REQUIRED WORK – Transcribe the data below exactly, but only from the line containing "普段から持ち運びで、衝撃やら" through its final line, both included.

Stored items
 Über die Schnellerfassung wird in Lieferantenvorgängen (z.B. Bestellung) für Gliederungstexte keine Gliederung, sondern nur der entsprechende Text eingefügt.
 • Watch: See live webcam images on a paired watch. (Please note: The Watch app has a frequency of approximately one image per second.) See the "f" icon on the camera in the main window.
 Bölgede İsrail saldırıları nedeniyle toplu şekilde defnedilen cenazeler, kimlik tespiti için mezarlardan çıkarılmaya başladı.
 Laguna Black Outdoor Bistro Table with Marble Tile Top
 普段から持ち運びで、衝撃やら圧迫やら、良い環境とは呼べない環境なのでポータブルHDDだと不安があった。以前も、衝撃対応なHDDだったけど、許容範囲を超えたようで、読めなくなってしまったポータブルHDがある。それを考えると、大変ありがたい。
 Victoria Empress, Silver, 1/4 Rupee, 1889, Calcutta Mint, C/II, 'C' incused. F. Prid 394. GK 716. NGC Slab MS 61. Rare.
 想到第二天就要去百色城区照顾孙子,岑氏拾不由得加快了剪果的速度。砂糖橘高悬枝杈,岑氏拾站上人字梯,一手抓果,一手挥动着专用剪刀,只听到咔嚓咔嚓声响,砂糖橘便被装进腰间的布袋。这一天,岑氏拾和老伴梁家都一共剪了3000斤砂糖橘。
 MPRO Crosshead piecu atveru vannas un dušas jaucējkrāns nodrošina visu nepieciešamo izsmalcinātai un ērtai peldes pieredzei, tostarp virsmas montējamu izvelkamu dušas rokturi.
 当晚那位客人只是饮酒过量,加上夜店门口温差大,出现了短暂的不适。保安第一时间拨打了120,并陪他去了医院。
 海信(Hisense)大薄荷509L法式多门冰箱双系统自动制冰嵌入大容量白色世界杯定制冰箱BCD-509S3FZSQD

RESULT OF THE TASK –
 普段から持ち運びで、衝撃やら圧迫やら、良い環境とは呼べない環境なのでポータブルHDDだと不安があった。以前も、衝撃対応なHDDだったけど、許容範囲を超えたようで、読めなくなってしまったポータブルHDがある。それを考えると、大変ありがたい。
 Victoria Empress, Silver, 1/4 Rupee, 1889, Calcutta Mint, C/II, 'C' incused. F. Prid 394. GK 716. NGC Slab MS 61. Rare.
 想到第二天就要去百色城区照顾孙子,岑氏拾不由得加快了剪果的速度。砂糖橘高悬枝杈,岑氏拾站上人字梯,一手抓果,一手挥动着专用剪刀,只听到咔嚓咔嚓声响,砂糖橘便被装进腰间的布袋。这一天,岑氏拾和老伴梁家都一共剪了3000斤砂糖橘。
 MPRO Crosshead piecu atveru vannas un dušas jaucējkrāns nodrošina visu nepieciešamo izsmalcinātai un ērtai peldes pieredzei, tostarp virsmas montējamu izvelkamu dušas rokturi.
 当晚那位客人只是饮酒过量,加上夜店门口温差大,出现了短暂的不适。保安第一时间拨打了120,并陪他去了医院。
 海信(Hisense)大薄荷509L法式多门冰箱双系统自动制冰嵌入大容量白色世界杯定制冰箱BCD-509S3FZSQD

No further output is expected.